À côté de lui, accoudée à la balustrade, Ellemir frissonna.
— Ils ont disparu. Il est inutile de rester ici par ce froid.
Elle fit demi-tour et ouvrit la porte du couloir supérieur d’Armida. Lentement, Andrew la suivit.
Il savait que Damon avait raison – ou plus précisément, il avait confiance en Damon – mais cela le tourmentait malgré tout. Depuis plusieurs jours, depuis le moment où il avait décidé que s’il survivait au blizzard, il trouverait Callista et la libérerait, il avait nourri l’espoir de trouver Callista, seule dans le noir, de l’enlever dans ses bras et de la ramener chez elle… Quel rêve romanesque stupide, pensa-t-il âprement. Et où est le cheval blanc qui doit l’emporter ?
Il ne s’était jamais imaginé un monde où l’on pouvait prendre l’épée au sérieux. Pour lui, une épée était un objet à admirer sur les murs d’un musée, ou destiné à faire faire un peu d’exercice. Il aurait voulu avoir une arme à feu ou à rayons – cela, au moins, réglerait rapidement son compte à un homme-chat.

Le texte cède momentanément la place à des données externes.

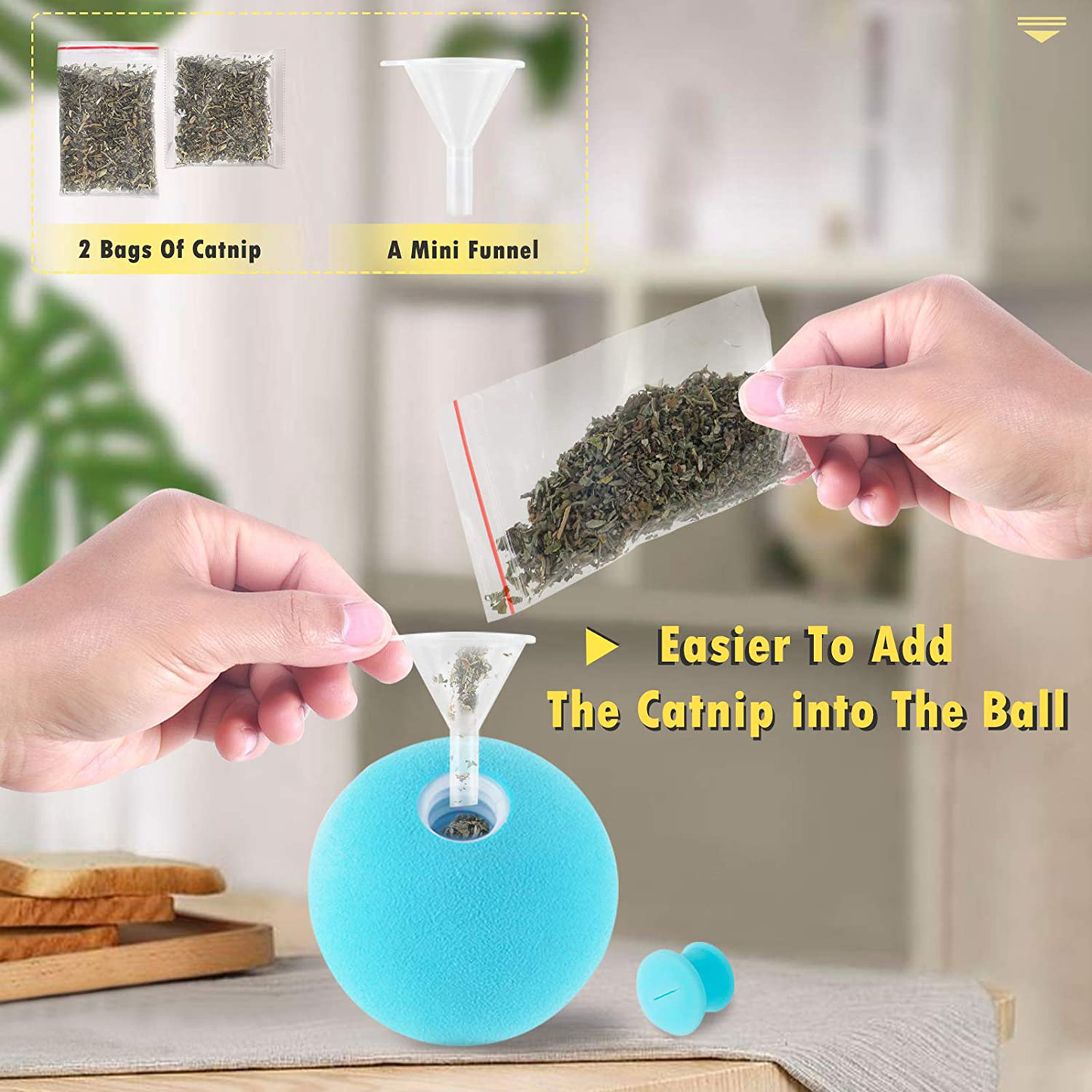 - 2. 2 Bags of Fresh Catnip Included - 2 bags of fresh catnip are included in this kitten toys. Easily open the lid on the cat toys balls and use the mini funnel provided to add the cat nip into the ball.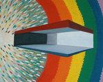 2007Licht bestaat uit de kleurenwaaier van de regenboog. Alle kleuren komen weer samen in de lichte vlek Dit is de achtergrong voor een perspectief van bijvoorbeeld een stand van een beurs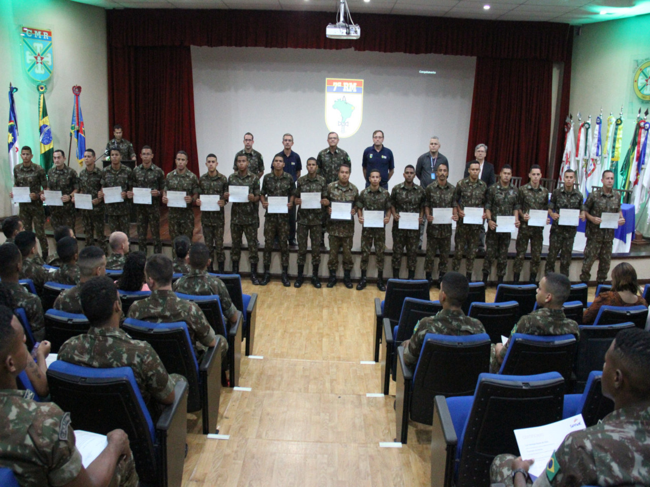 Recife (PE) – A 7ª Região Militar do Exército Brasileiro diplomou 125 militares pelo Projeto Soldado Cidadão. A cerimônia de entrega dos diplomas foi realizada no auditório do Colégio Militar do Recife, na manhã do dia 6 de dezembro. Cabos e soldados concluíram cursos de eletricista de automóveis, eletricista instalador predial de baixa tensão, pintura automotiva, torneiro mecânico e programador de sistemas. A 7ª Região Militar foi destaque na condução do Projeto.

Il en avait parlé à Damon qui l’avait contemplé d’un air horrifié, comme s’il venait de parler de viol collectif, de cannibalisme et de génocide, et qui avait ensuite fait mention de quelque chose qui s’appelait le pacte. Effectivement, avant de signer le contrat avec l’Empire terrien sur Cottman IV, Andrew avait vaguement remarqué qu’on y parlait d’une Entente. Il n’y avait pas fait très attention ; on n’accorde jamais trop d’attention à ces détails techniques des cultures autochtones. Mais d’après ce qu’il avait compris, elle interdisait l’usage de toute arme mortelle qui frappait à distance. Damon avait dit que sur Ténébreuse – c’était apparemment le nom de la planète – on respectait cette Entente depuis des centaines ou des milliers d’années. L’emploi des armes à feu hors de question, l’escrime était devenue un art raffiné.

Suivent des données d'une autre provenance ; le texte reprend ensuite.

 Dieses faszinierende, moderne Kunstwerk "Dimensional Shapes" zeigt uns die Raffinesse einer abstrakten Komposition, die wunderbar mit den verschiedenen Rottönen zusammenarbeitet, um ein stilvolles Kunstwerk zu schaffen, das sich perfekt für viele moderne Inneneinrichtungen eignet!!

Pas étonnant qu’ils commencent à entraîner leurs enfants alors qu’ils portent encore des culottes courtes. Il se demanda si, avec le climat épouvantable de cette planète, les enfants portaient jamais des culottes courtes, puis haussa les épaules avec impatience. Il se rendit à la chambre que ses hôtes avaient mise à sa disposition, et se dirigea vers la fenêtre. Il déplaça le rideau pour essayer d’apercevoir la petite troupe de Damon, mais le groupe avait déjà dépassé le sommet de la colline.
Andrew s’allongea sur son lit, les mains sous la nuque. Il faudrait bien qu’il aille tôt ou tard dire quelques mots polis à Dom Esteban. Il ne raffolait pas du vieil homme : celui-ci avait fait de son mieux pour humilier Damon. Enfin, il était impotent, et c’était son hôte. De plus, il sentait qu’il devrait aller tenir compagnie à Ellemir. Il ne savait que lui dire, car il était conscient du tourment qu’elle éprouvait pour Callista, Damon et son père. Mais s’il pouvait se rendre utile, s’il pouvait lui faire savoir qu’il partageait son anxiété, il devait le faire.
Callista, Callista, pensa-t-il, dans quel monde m’avez-vous amené… Cependant, il éprouvait un curieux sentiment d’acceptation envers ce qui l’attendait.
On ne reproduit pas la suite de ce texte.